TASK DIRECTIONS » Exactly and only the lines below from the one containing "Elena Ulieva is" down to the one containing "Om syd skal" are wanted, both included; please exclude every picture.

EXERCISE INPUTS »
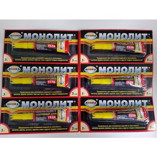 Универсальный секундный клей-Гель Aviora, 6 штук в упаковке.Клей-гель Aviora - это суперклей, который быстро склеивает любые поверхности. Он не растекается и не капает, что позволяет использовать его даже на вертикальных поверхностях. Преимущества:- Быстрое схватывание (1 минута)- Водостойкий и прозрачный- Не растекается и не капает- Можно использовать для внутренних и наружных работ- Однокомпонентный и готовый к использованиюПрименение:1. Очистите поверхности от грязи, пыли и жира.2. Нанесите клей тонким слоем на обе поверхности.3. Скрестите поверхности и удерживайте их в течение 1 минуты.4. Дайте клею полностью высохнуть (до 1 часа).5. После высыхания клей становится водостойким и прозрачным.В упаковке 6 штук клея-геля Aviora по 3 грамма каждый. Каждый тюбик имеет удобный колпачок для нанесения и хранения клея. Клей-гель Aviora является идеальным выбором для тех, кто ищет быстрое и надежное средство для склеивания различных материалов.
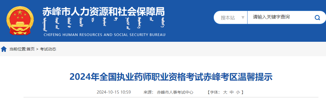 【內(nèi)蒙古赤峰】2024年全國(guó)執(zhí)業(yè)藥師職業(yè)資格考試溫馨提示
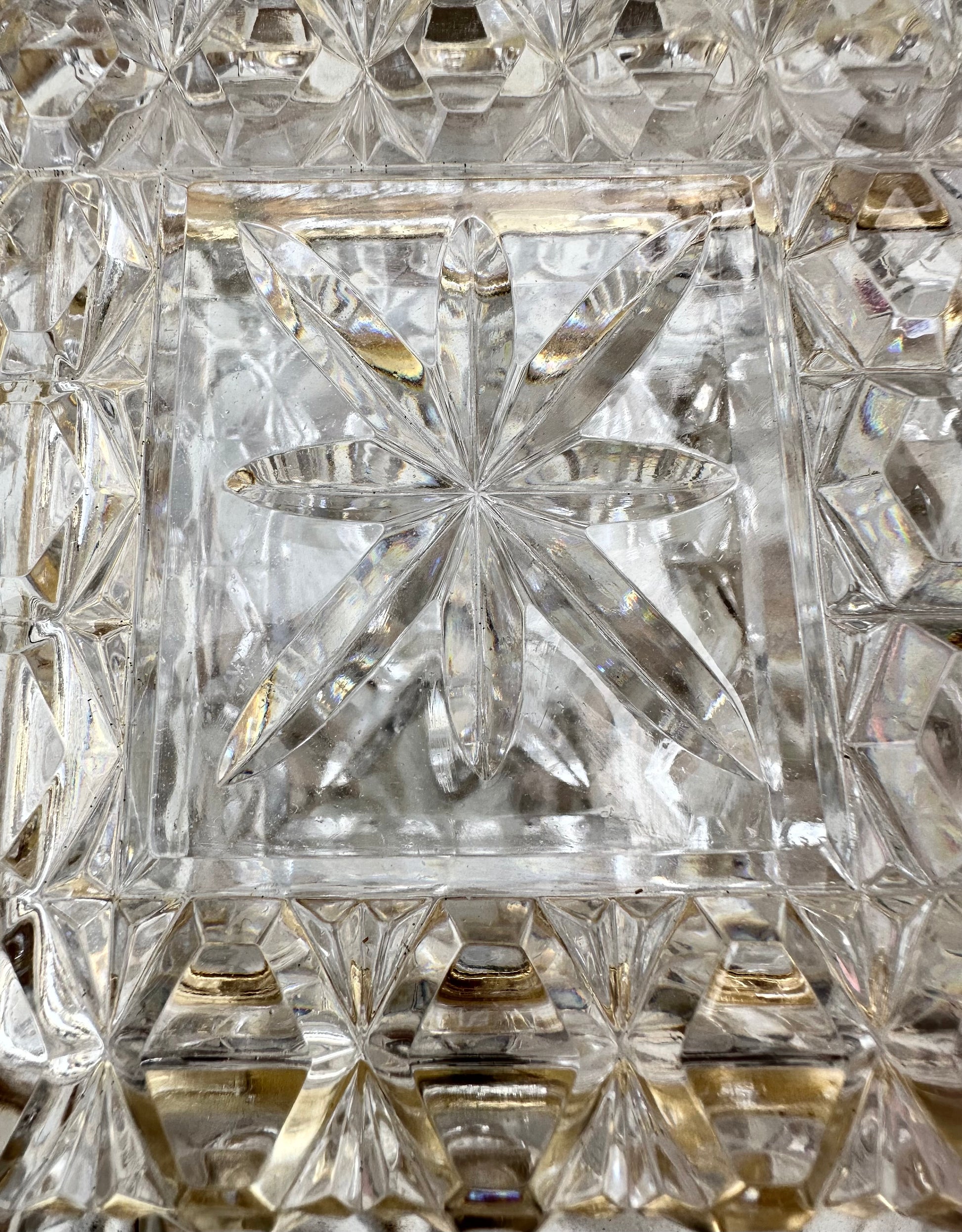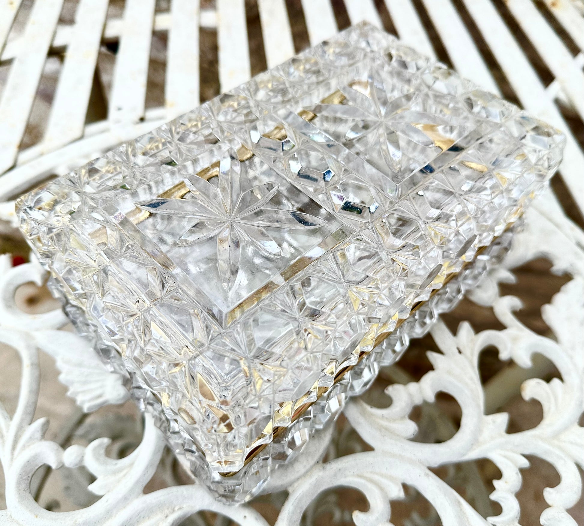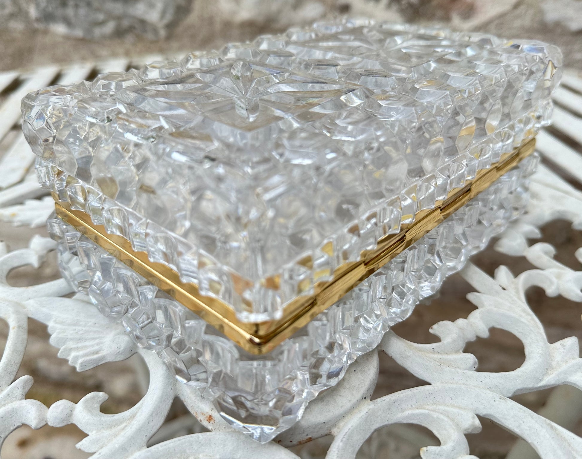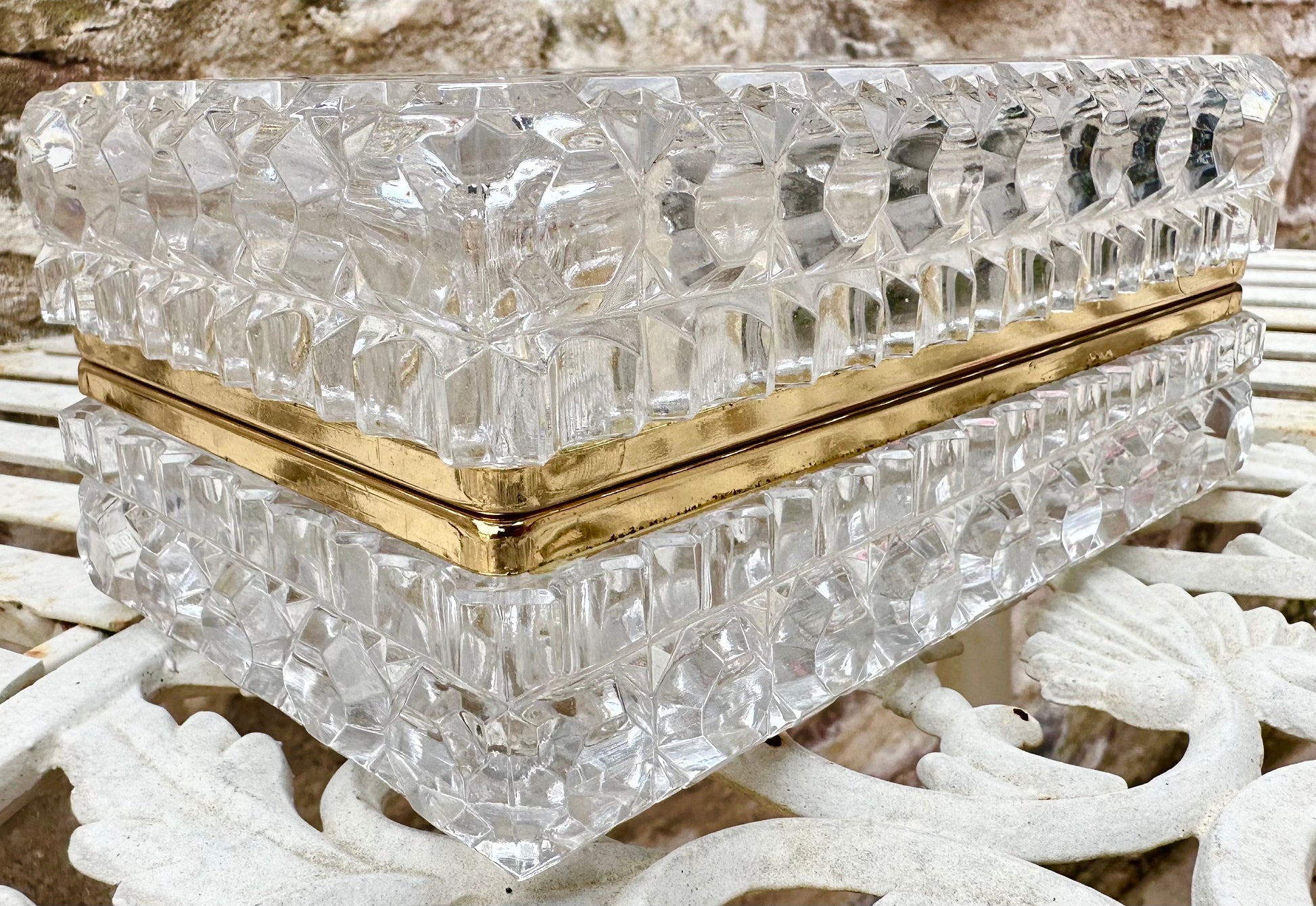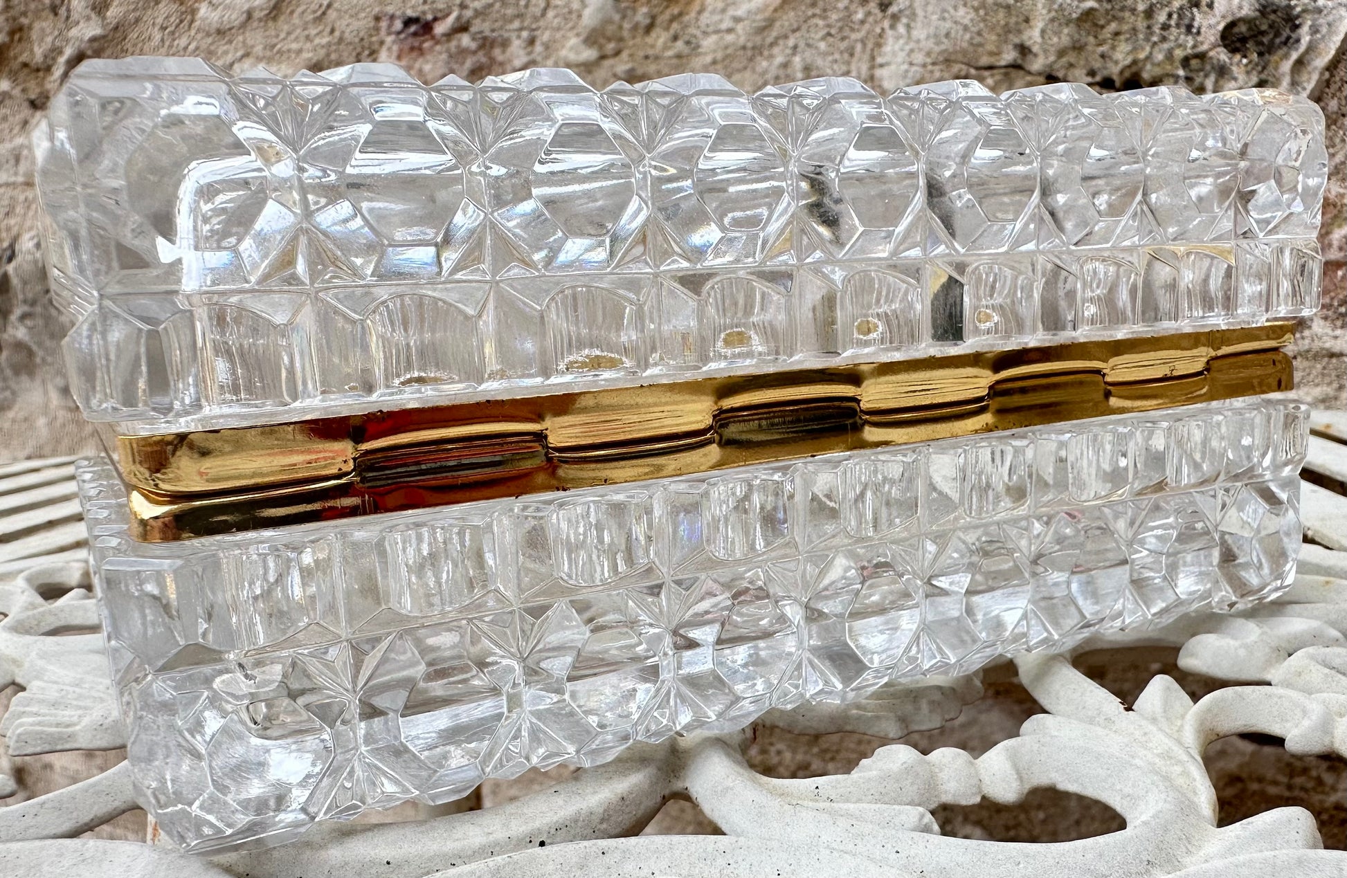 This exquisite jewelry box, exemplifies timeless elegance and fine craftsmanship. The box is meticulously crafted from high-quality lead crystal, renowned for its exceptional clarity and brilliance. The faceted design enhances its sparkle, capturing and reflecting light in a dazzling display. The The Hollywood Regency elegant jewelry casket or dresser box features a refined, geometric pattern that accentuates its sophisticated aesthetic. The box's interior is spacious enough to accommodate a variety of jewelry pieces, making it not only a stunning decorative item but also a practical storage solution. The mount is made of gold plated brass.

--

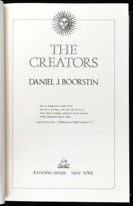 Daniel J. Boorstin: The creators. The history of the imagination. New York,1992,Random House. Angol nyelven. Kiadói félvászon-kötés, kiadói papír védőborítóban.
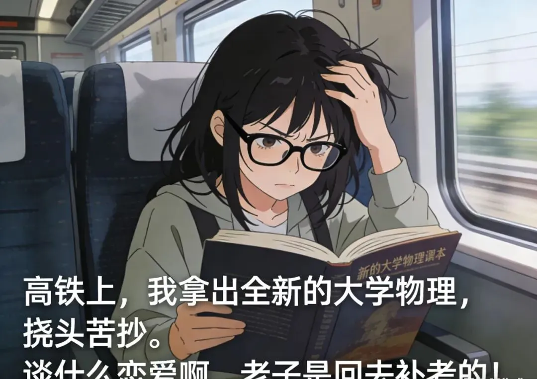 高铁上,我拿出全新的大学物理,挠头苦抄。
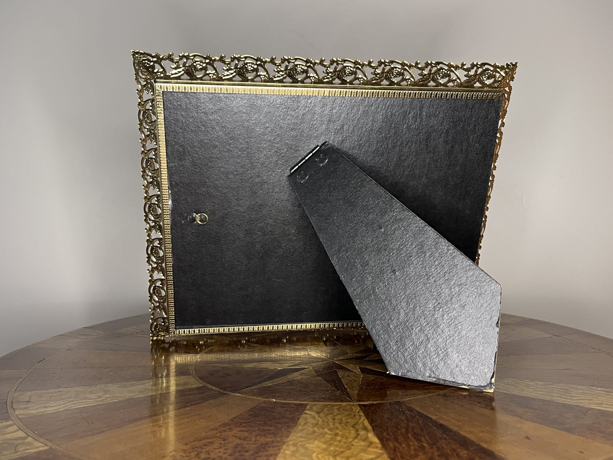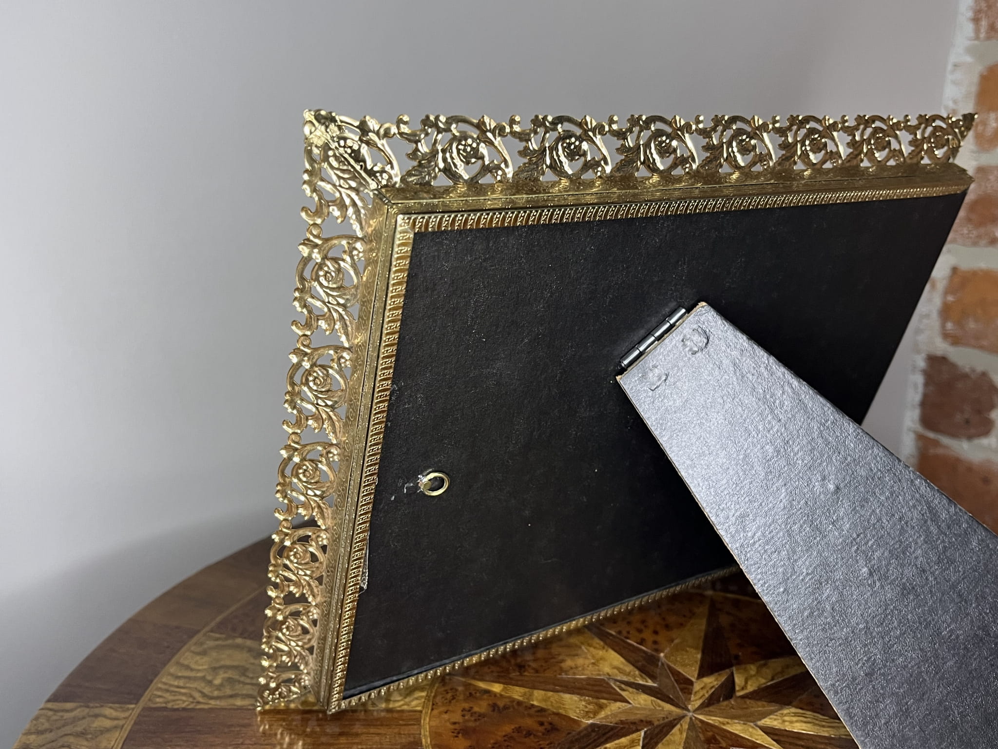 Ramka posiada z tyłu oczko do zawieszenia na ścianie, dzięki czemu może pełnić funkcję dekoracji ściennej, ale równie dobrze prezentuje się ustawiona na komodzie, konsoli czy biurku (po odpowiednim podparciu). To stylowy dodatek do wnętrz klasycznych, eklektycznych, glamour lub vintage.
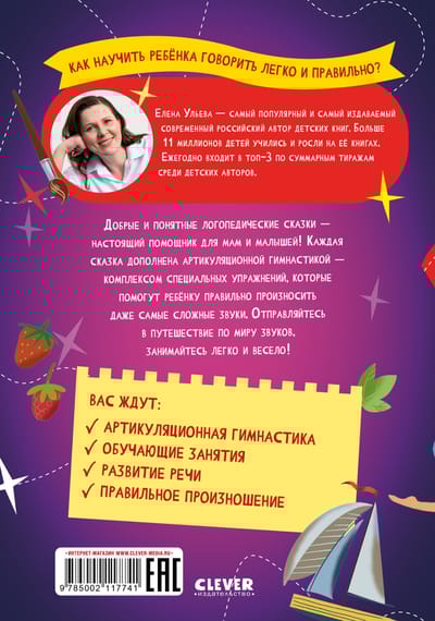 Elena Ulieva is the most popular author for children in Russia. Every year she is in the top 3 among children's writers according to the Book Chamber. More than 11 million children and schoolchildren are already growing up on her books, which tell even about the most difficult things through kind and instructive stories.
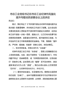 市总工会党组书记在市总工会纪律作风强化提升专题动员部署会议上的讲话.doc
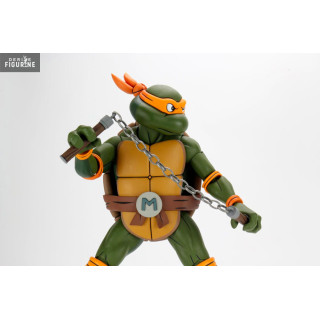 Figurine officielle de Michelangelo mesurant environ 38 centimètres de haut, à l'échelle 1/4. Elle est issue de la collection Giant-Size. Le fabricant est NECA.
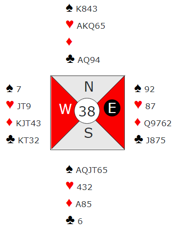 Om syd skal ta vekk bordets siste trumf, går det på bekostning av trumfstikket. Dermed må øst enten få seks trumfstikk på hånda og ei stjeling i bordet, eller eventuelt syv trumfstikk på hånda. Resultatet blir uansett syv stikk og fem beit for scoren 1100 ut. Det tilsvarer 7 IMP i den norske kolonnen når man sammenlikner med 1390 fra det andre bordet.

RESULT OF THE TASK »
 Elena Ulieva is the most popular author for children in Russia. Every year she is in the top 3 among children's writers according to the Book Chamber. More than 11 million children and schoolchildren are already growing up on her books, which tell even about the most difficult things through kind and instructive stories.
 市总工会党组书记在市总工会纪律作风强化提升专题动员部署会议上的讲话.doc
 Figurine officielle de Michelangelo mesurant environ 38 centimètres de haut, à l'échelle 1/4. Elle est issue de la collection Giant-Size. Le fabricant est NECA.
 Om syd skal ta vekk bordets siste trumf, går det på bekostning av trumfstikket. Dermed må øst enten få seks trumfstikk på hånda og ei stjeling i bordet, eller eventuelt syv trumfstikk på hånda. Resultatet blir uansett syv stikk og fem beit for scoren 1100 ut. Det tilsvarer 7 IMP i den norske kolonnen når man sammenlikner med 1390 fra det andre bordet.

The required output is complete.